Measures whether the code, data, and documentation are of professional quality.

Score Descriptor
27-30 Code runs on a clean environment with documented dependencies. Data files are reproducible. Git history shows iterative development (not a single bulk commit). README explains how to reproduce the key results. No hard-coded paths that break on a different machine.
21-26 Code runs with minor setup steps not documented in the README. Data files present. Git history adequate.
15-20 Code requires significant debugging to run. Dependencies not documented. Missing data files.
0-14 Code does not run. Major files missing.

20-Minute Demo Requirements

The demo is held during Week 14 lab session. It is required for full credit on Dimension A.

Structure:

  • 5 min: State the research question and the track you chose
  • 10 min: Live demonstration of Tier 1 gate check (instructor runs the gate commands)
  • 5 min: Explain the most interesting finding from your Tier 2 analysis -- specifically what you learned about the substrate-language framework that you did not already know from the course modules

The demo is not a slide presentation. It is a technical walkthrough of your actual artifact running against the actual testbed.

Submission

Submit a directory capstone/ containing:

capstone/
├── capstone_report.md       (required for all tracks)
├── README.md                (how to run the artifacts)
├── requirements.txt         (Python dependencies)
├── [track-specific files]
└── data/                    (raw results, CSV files, etc.)

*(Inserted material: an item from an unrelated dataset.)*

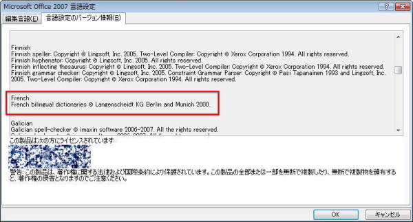 「Microsoft Office 2007 言語設定」画面が開くので、「編集言語」からフランス語を探して選択し、[追加ボタン]を押す。

Submit via pull request to the course repo by end of Week 14 Friday 23:59.

Grading Summary

Component Points
Tier 1: Functional gate (pass/fail) 0 or pass-eligible
Dimension A: Depth of analysis 40
Dimension B: Intellectual honesty 30
Dimension C: Engineering quality 30
Total 100

Minimum passing score: 70/100 (C). The B- threshold is 80/100. A failing Tier 1 caps the score at 50/100 regardless of the written quality.